- [Aim of the exercise]: When you reach the line with "Hai #temanpemilih, berkolaborasi" in the records below, begin transcribing exactly and continue up to and including the line with "5″ (12.7cm) closed.", leaving out every picture.
--------------------------------
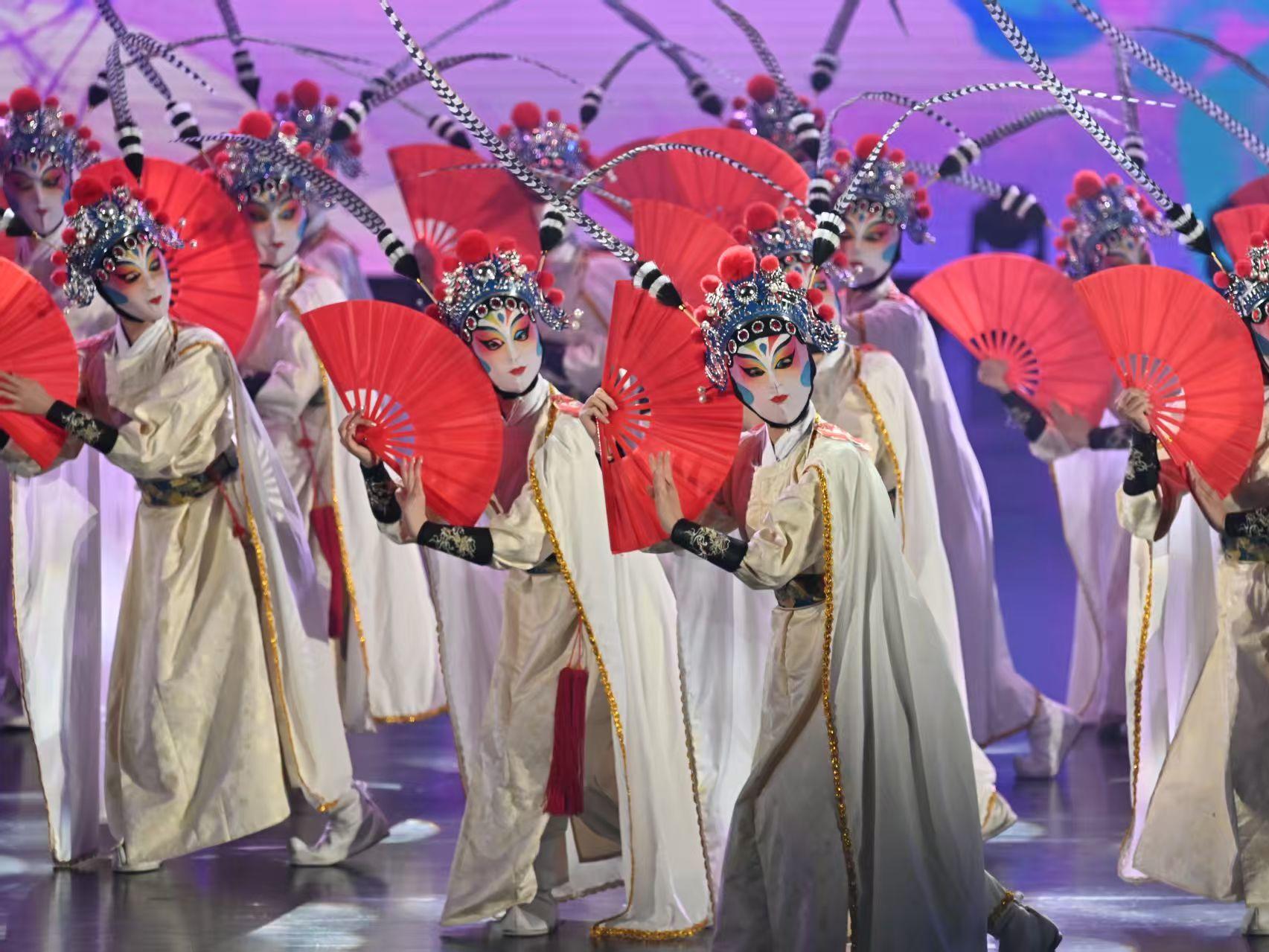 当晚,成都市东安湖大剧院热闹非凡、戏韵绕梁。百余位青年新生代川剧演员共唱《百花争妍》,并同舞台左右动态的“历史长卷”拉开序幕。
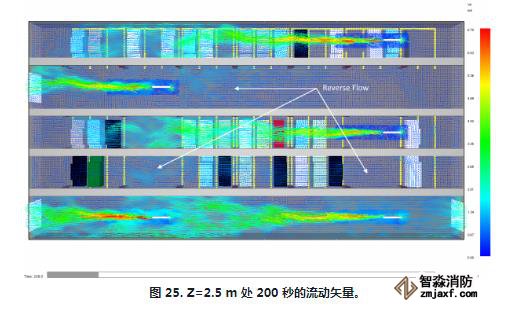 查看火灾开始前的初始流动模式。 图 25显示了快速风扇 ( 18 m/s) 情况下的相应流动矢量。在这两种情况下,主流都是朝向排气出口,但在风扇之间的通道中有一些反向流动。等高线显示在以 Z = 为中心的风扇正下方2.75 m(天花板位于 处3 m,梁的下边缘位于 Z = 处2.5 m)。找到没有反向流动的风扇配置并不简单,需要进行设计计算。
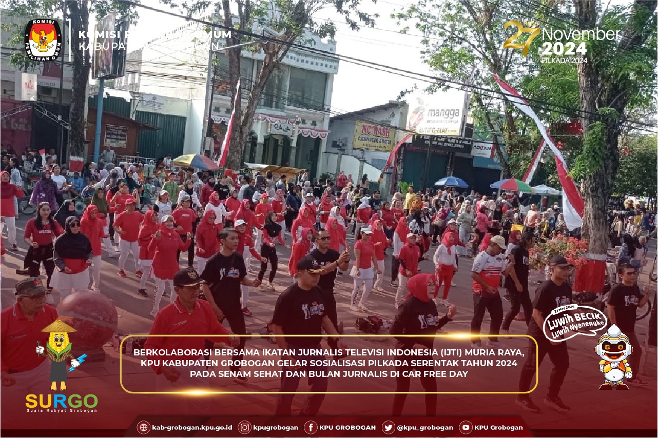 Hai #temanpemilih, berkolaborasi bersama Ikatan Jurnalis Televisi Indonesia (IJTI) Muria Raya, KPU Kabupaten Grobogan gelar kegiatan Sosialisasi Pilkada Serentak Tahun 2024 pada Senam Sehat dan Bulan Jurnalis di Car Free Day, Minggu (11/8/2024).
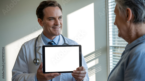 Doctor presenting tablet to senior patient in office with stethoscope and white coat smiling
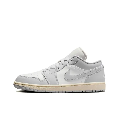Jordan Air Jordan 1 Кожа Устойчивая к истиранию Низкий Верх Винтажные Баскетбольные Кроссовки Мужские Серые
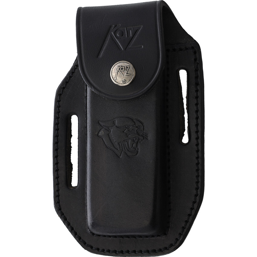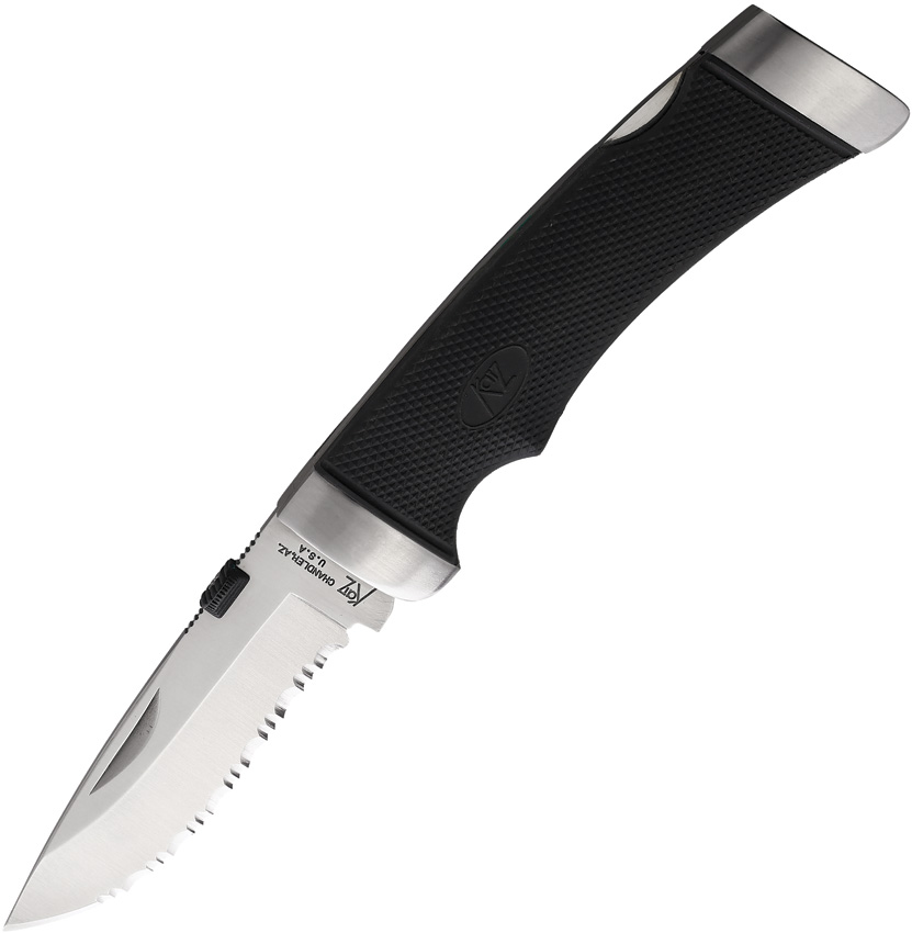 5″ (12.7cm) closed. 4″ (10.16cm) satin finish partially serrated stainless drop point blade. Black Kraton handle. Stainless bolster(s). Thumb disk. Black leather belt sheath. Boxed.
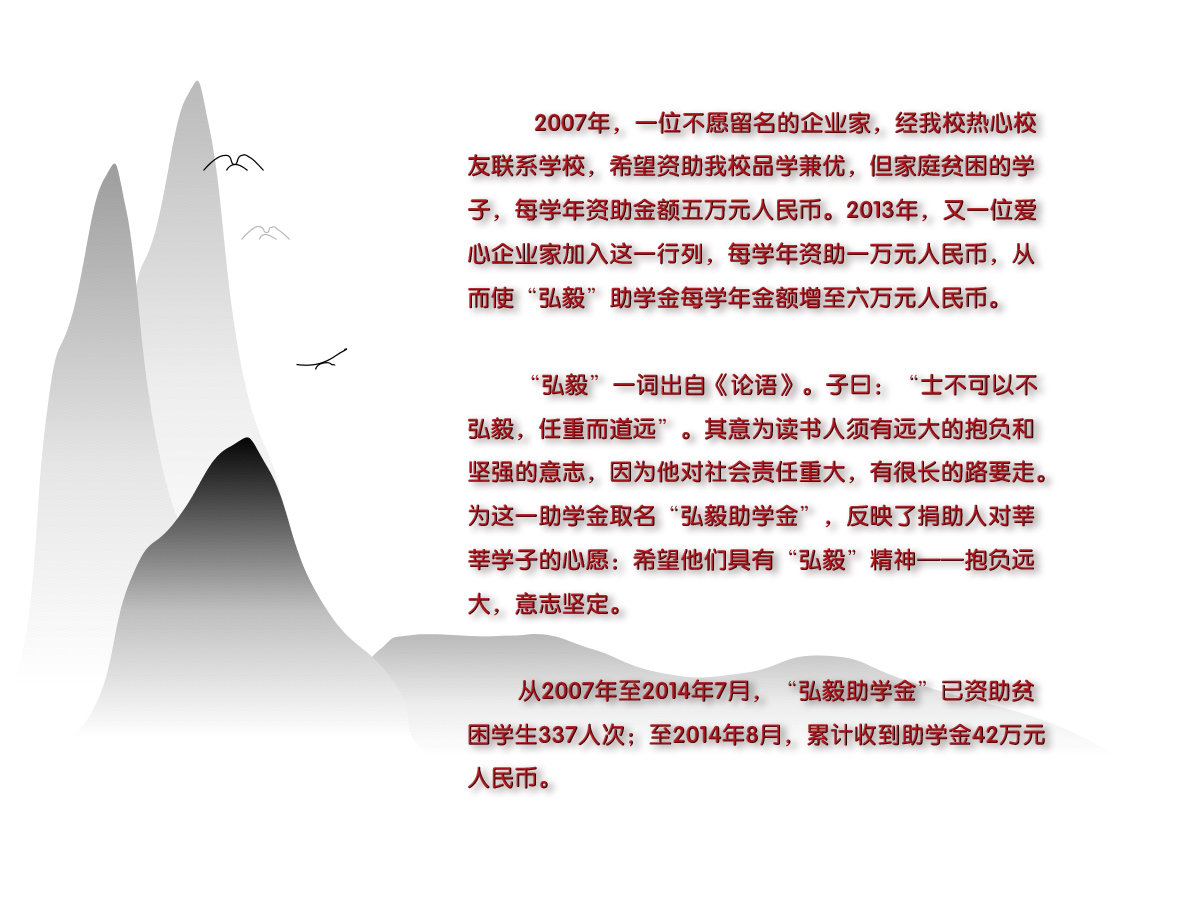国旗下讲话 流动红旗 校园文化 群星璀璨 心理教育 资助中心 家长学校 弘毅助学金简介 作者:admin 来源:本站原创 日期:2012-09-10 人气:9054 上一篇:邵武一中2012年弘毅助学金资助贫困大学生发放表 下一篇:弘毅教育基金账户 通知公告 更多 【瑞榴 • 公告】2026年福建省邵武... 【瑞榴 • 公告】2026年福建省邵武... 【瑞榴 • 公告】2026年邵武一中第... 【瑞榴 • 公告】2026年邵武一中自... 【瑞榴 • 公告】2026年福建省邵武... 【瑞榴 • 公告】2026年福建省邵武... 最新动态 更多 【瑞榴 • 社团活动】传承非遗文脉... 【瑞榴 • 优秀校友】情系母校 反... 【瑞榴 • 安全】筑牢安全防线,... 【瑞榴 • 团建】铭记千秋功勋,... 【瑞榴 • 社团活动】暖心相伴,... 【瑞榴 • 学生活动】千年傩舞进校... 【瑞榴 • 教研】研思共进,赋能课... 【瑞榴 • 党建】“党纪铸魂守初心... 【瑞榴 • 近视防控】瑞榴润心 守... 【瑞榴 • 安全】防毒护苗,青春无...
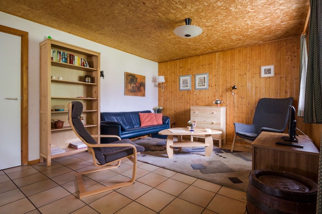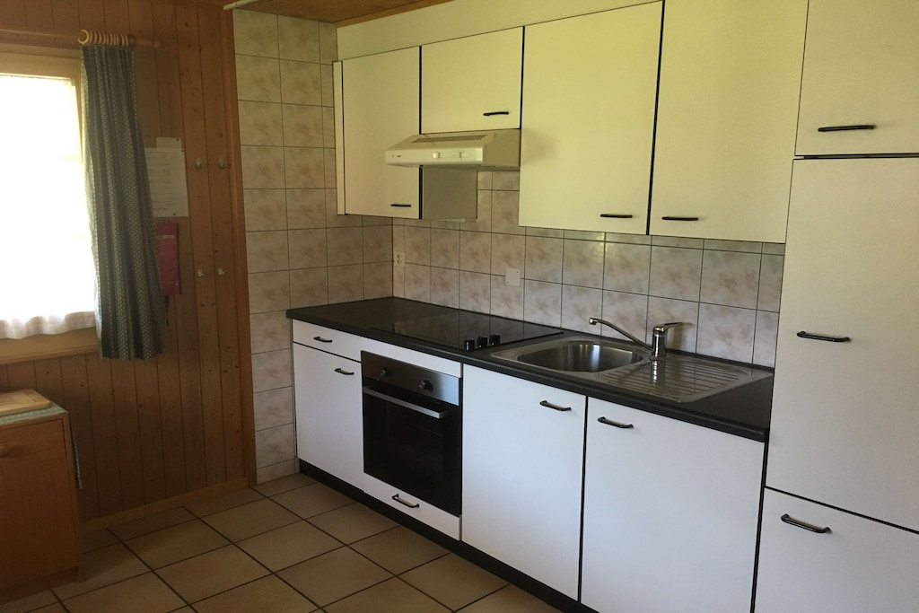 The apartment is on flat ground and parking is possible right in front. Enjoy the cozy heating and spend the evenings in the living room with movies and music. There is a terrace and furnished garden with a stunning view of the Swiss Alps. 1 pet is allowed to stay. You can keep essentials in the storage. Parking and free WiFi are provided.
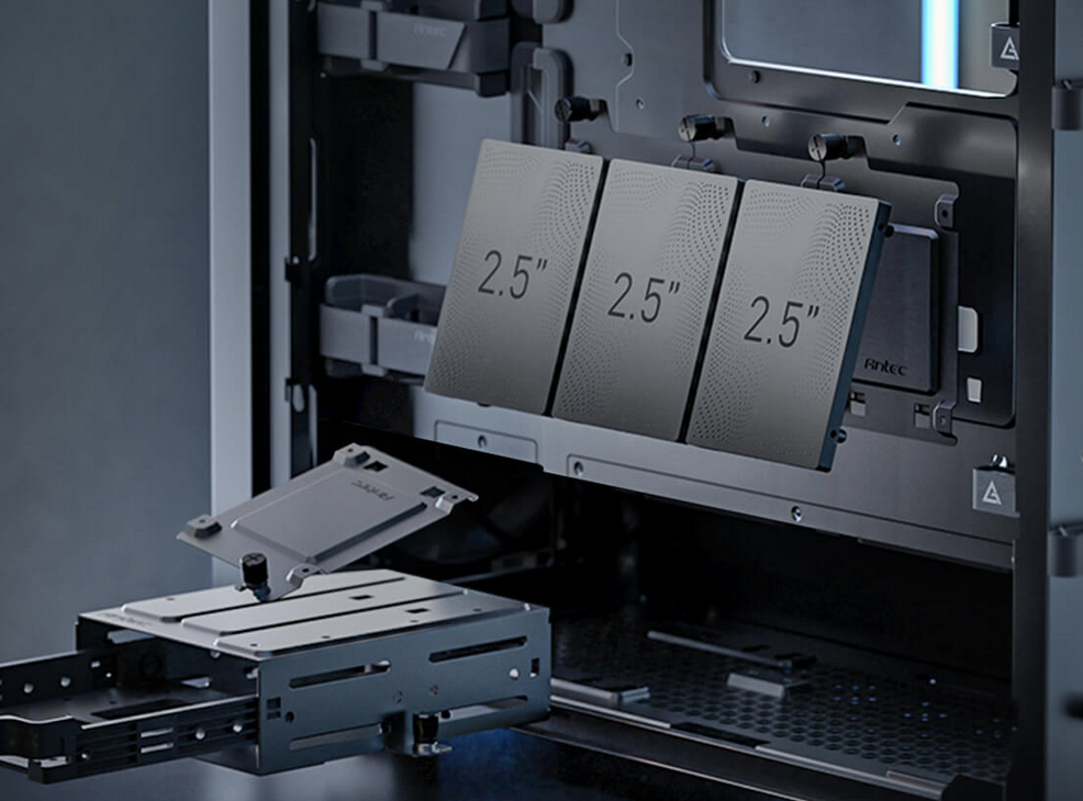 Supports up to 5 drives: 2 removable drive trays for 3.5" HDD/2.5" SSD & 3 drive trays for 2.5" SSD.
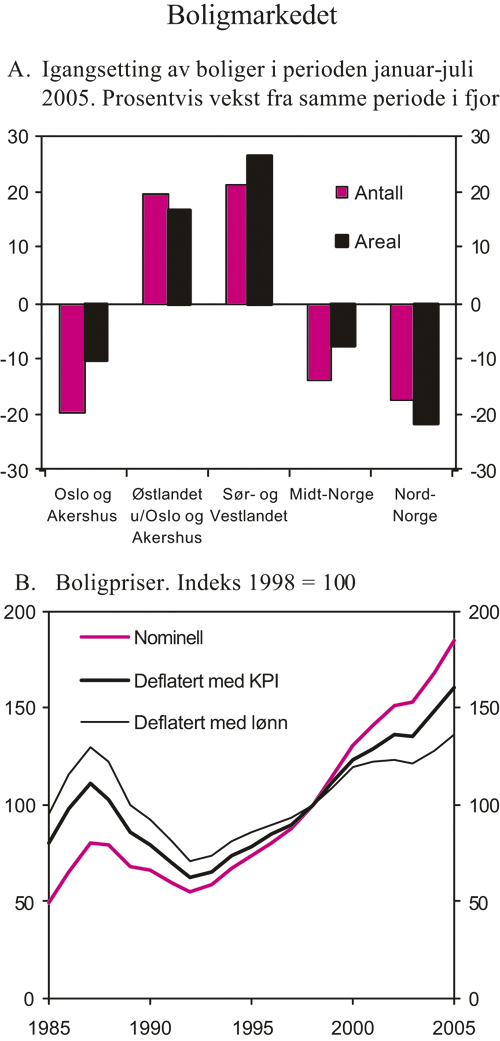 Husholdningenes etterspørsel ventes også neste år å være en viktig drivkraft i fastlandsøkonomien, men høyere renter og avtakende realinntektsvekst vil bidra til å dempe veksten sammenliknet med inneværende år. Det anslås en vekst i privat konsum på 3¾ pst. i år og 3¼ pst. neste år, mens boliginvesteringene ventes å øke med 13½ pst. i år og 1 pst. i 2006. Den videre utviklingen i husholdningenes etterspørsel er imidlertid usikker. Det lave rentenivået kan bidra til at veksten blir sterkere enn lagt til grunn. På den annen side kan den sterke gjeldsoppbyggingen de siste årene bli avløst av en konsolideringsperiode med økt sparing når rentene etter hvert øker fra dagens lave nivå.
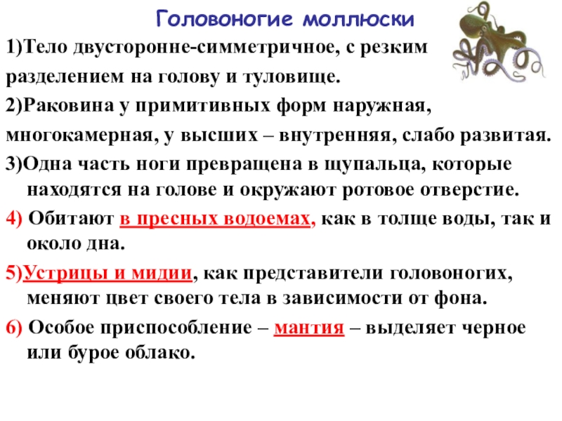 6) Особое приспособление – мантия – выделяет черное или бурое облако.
--------------------------------
- [Output of the exercise]:
 Hai #temanpemilih, berkolaborasi bersama Ikatan Jurnalis Televisi Indonesia (IJTI) Muria Raya, KPU Kabupaten Grobogan gelar kegiatan Sosialisasi Pilkada Serentak Tahun 2024 pada Senam Sehat dan Bulan Jurnalis di Car Free Day, Minggu (11/8/2024).
 Doctor presenting tablet to senior patient in office with stethoscope and white coat smiling
Jordan Air Jordan 1 Кожа Устойчивая к истиранию Низкий Верх Винтажные Баскетбольные Кроссовки Мужские Серые
 5″ (12.7cm) closed. 4″ (10.16cm) satin finish partially serrated stainless drop point blade. Black Kraton handle. Stainless bolster(s). Thumb disk. Black leather belt sheath. Boxed.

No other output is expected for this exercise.